Advanced Physiological Optics Laboratory
Yoon Lab
Presbyopia originating from the Greek word presbyteros, meaning "elder", is the loss of accommodation of the human eye due to the natural aging of the lens. In the eye the natural lens grows throughout life, and recent studies suggest that the enlarging of this lens with age is the cause of its reduced pliability resulting in the inability of the lens to change shape when one looks from far to near objects. This loss of accommodative ability requires corrective optics such as glasses, contacts, refractive surgery or intraocular lenses (IOL).
Figure 1: Maximal and minimal accommodative amplitudes as a function of age measured in 1500 subjects using a "push up" technique (Duane 1912)

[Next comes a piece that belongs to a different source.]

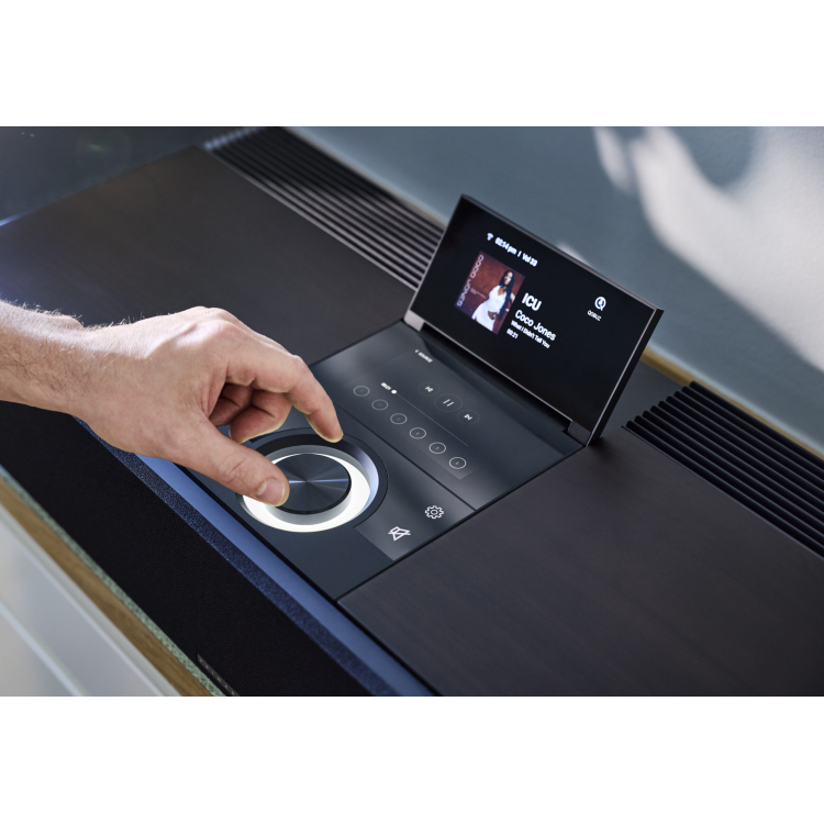 El sistema todo en uno ofrece control y conexión sin esfuerzo. Su pantalla táctil fija, pantalla motorizada y control de volumen de gran tamaño facilitan el acceso y la monitorización de todas las opciones de entretenimiento directamente desde el dispositivo. Como alternativa, el mando a distancia y la aplicación PRISMA permiten una configuración y un control completos a distancia.
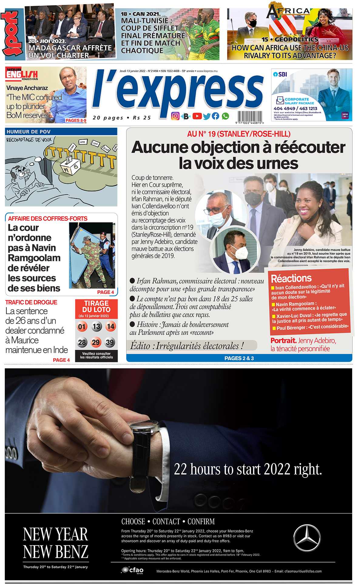 En une de l'express: Au n° 19 (Stanley/Rose-Hill) : Aucune objection à réécouter la voix des urnes; Autre titre: Affaire des coffres-forts : La cour n’ordonne pas à Navin Ramgoolam de révéler les sources de ses biens.

In the Yoon lab we are focusing on the design of new innovative IOLs for presbyopic corrections. We are using the concept of aberration interaction to design lenses that will give people depth of focus with good retinal image quality. Meaning, people will have the ability to once again see objects over a range of distances from far to near without compromising, too much, the clarity of the image that the eye sees. Below is an example of depth of focus illustrated here with a letter E. The top line shows how a person without the ability to accommodate would see this letter at different distances. The following lines illustrate the increase in depth of focus due to primary and secondary spherical aberrations.
Figure 2: A letter E as seen with out any correction (top line), and with the addition of primary and secondary spherical aberrations.
We are currently testing our designs using an optical test bench equipped with a liquid-crystal spatial light modulator (SLM). This system can generate different wavefront patterns replicating an IOLs aberrations so that preliminary tests such as visual acuity and contrast sensitivity can be done in order to predict the feasibility of the IOL design. Recently we have been looking into the interaction of primary and secondary spherical aberrations (SA) with defocus.
A binocular approach to overcoming presbyopia is to take advantage of the binocular visual system's ability to suppress the eye with poorer retinal image quality. In traditional monovision, the dominant eye is refracted for distance vision and the non-dominant eye is refracted for near vision with the addition of 1-2D of add power. The technique provides patient's with functional distance and near vision, however intermediate vision, depth perception, and binocular summation are comprimised because each eye has a relatively short depth of focus and the interocular difference in image quality is significant.
To overcome these limitations of traditional monovision, we have proposed an alternative approach called Modified Monovision. In Modified Monovision, the depth of focus of one or both eyes is increased using spherical aberration. By increasing monocular depth of focus, the interocular difference in image quality is reduced at all object distances. In a recent study (Zheleznyak et al. IOVS, 2013), we found this technique provides improved through-focus visual acuity and binocular summation. In addition, stereoacuity (i.e. depth perception) is recovered to near normal levels. The figure below shows through-focus visual acuity and stereoacuity with modified monovision and traditional monovision for comparison.
Figure 3: Depth of focus, in diopters, calculated for a 4mm pupil, with various amounts of primary and
secondary spherical aberration.
In this figure, the closed circles represent the largest vsOTF (image quality) values. This is overlaid with the variable depth of focus (solid black - primary SA, solid gray - secondary SA). This illustrates the trade off between extended depth of focus and reduction of the overall image quality. We are further testing this concept to evaluate the optimal magnitudes and higher spherical aberration orders to correct for presbyopic eyes.